How to select random pairs in ruby, without duplicating pairs

Question

I would like to pick 2 names at random from an array, do this for all names in the array, and make sure nobody gets teamed up with the same person twice. After everybody has been teamed up once with each other person the big cycle restart.

I found the .sample method to pull 2 names from an array at random. [“Sander”, “Sjaak”, “Timo”, “Ernst”, “Floris”, “Wayne”, “Arno”, “Henk”, “Rob”].sample(2)

But how do I make sure people don't get teamed up with the same person the next day?

Answer 1

This is the way chessplayers play a all-play-all tournament. It is called a "round-robin tournament". Wikipedia has an algorithm. The array could be shuffled beforehand. This is an implementation of the wikipedia article:

names = ["Sander", "Sjaak", "Timo", "Ernst", "Floris", "Wayne", "Arno", "Henk", "Rob"]

n = names.dup #n is going to be mutated, leave names intact
n << "Dummy" if n.size.odd?
fixed_name = n.shuffle!.pop

n.size.times do |i| #n.size is one less than the number of participants
  puts "round #{i+1}"
  two_rows = [[fixed_name]+n[0..n.size/2-1], n[n.size/2..-1].reverse]
  pairs = two_rows.transpose.shuffle # the shuffle is optional, just cosmetic
  pairs.each{|c| p c }
  n.rotate!
  puts
end

output:

round 1
["Arno", "Floris"]
["Wayne", "Dummy"]
["Sander", "Sjaak"]
["Henk", "Rob"]
["Ernst", "Timo"]

round 2
["Wayne", "Sjaak"]
["Dummy", "Rob"]
["Ernst", "Arno"]
["Henk", "Floris"]
["Sander", "Timo"]

round 3
["Wayne", "Timo"]
["Henk", "Arno"]
["Rob", "Sjaak"]
["Ernst", "Sander"]
["Dummy", "Floris"]

round 4
["Wayne", "Sander"]
["Sjaak", "Floris"]
["Dummy", "Arno"]
["Rob", "Timo"]
["Ernst", "Henk"]

round 5
["Sjaak", "Arno"]
["Dummy", "Henk"]
["Floris", "Timo"]
["Rob", "Sander"]
["Ernst", "Wayne"]

round 6
["Ernst", "Dummy"]
["Timo", "Arno"]
["Rob", "Wayne"]
["Sjaak", "Henk"]
["Floris", "Sander"]

round 7
["Timo", "Henk"]
["Sjaak", "Dummy"]
["Floris", "Wayne"]
["Ernst", "Rob"]
["Arno", "Sander"]

round 8
["Ernst", "Sjaak"]
["Sander", "Henk"]
["Arno", "Wayne"]
["Floris", "Rob"]
["Timo", "Dummy"]

round 9
["Sander", "Dummy"]
["Ernst", "Floris"]
["Henk", "Wayne"]
["Arno", "Rob"]
["Timo", "Sjaak"]

Answer 2

Starting with an array of names:

names = ["Sander", "Sjaak", "Timo", "Ernst", "Floris", "Wayne", "Arno", "Henk"]

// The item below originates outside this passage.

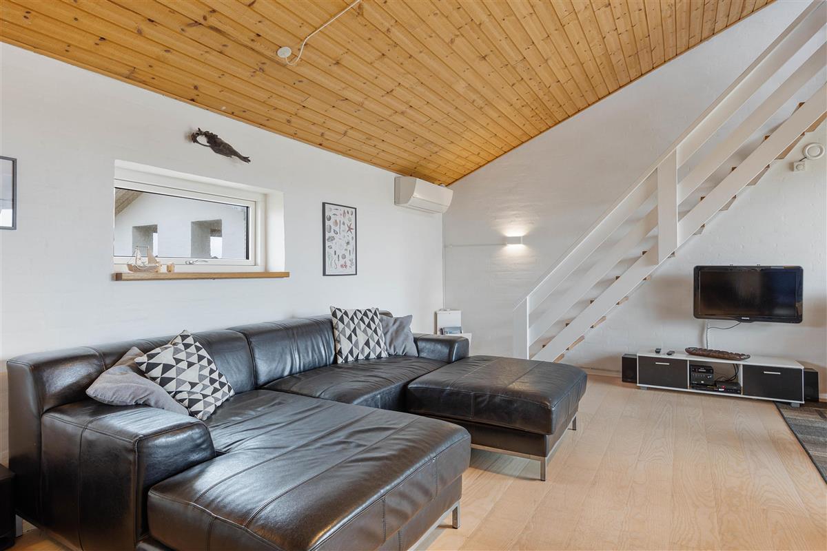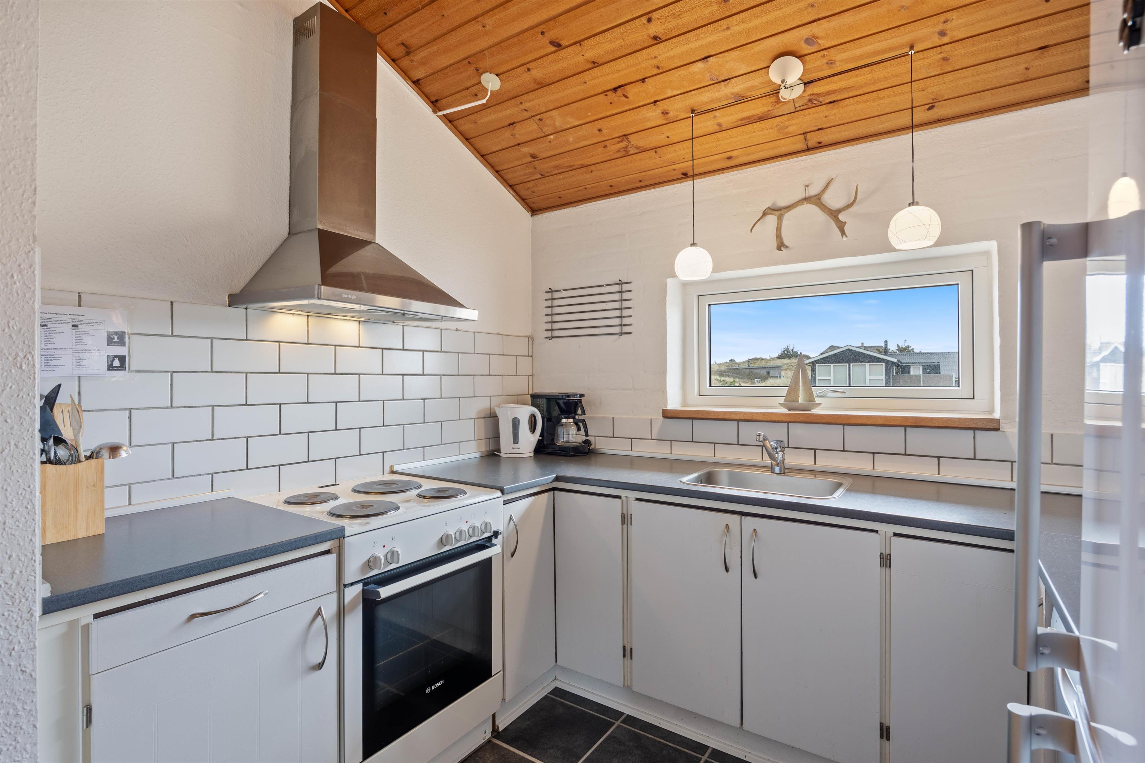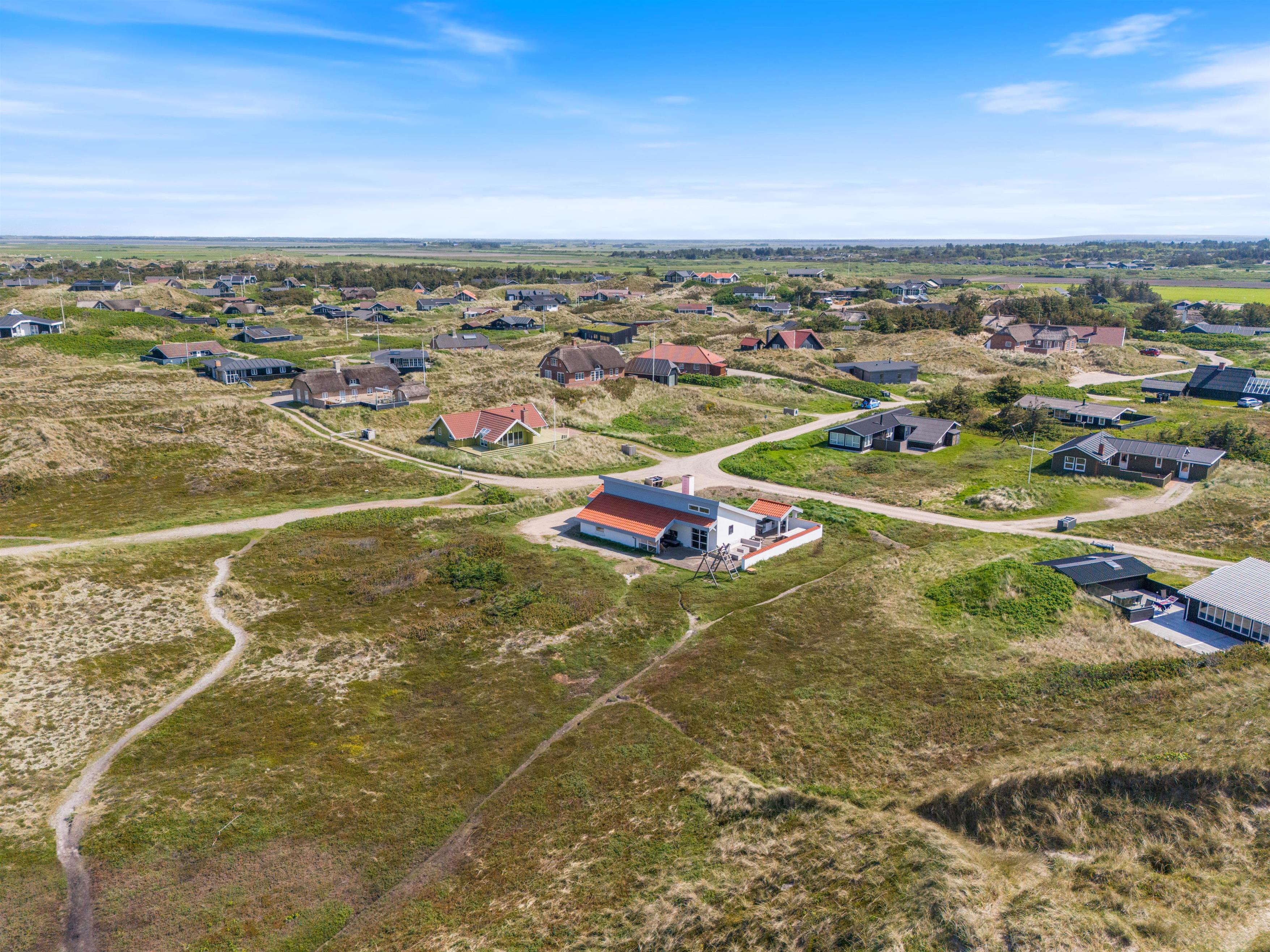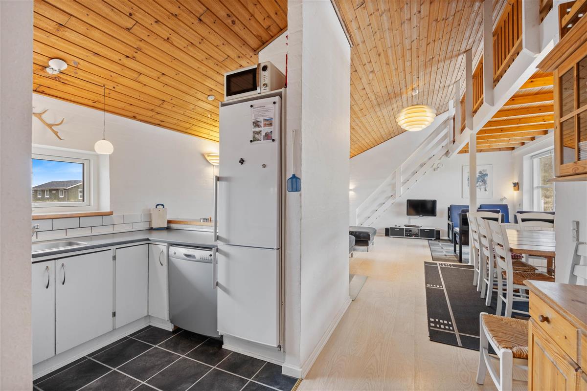 The holiday home is just 150 metres from the miles-long sandy beach of the Danish west coast, making beach walks an almost essential part of your daily routine in this holiday home. It's particularly beautiful to watch the sunset from the dunes. From the holiday region of Houvig, it's just a short drive to the vibrant seaside resort of Søndervig, where you'll find various restaurants, cafés and boutiques.

You'll want to shuffle them and group them into pairs:

shuffled = names.shuffle.each_slice(2).to_a
#=> [["Timo", "Sjaak"], ["Henk", "Arno"], ["Sander", "Ernst"], ["Wayne", "Floris"]] 

Looks good so far, but this will be a problem later on because order matters for arrays. For example, ["Timo", "Sjaak"] is considered different from ["Sjaak", "Timo"]. We can fix this by turning the arrays into Sets. Order doesn't matter when determining if two Sets are equal.

shuffled = names.shuffleeach_slice(2).map { |group| Set.new(group) }
#=> [#<Set: {"Arno", "Wayne"}>, #<Set: {"Henk", "Timo"}>, #<Set: {"Ernst", "Floris"}>, #<Set: {"Sander", "Sjaak"}>] 

The tricky part is ensuring that each day, you have no repeats. You could have "rules" to prevent this, but then your algorithm would no longer be random. The only way to ensure complete randomness is to check for duplicates and reshuffle. Let's say you already have one day's groups saved to yesterday and you want a new group. You can do the following:

loop do
  today = names.shuffle.each_slice(2).map { |group| Set.new(group) }
  break if (today & yesterday).empty?
end

The today & yesterday part is called a "Set intersect." It will return a new array containing only the groups which are the same in today and yesterday. If no groups are the same (meaning there are no repeats), then the array will be empty.

The only thing left is to figure out how to save yesterday's group so you can use it to check against today's group. If you're working within a set timeframe (e.g. a teacher creating student groups for the semester), then you can just calculate an entire semester's worth of groups all at once. Otherwise, you'll probably have to save the previous day's group to a text file so you can access it later.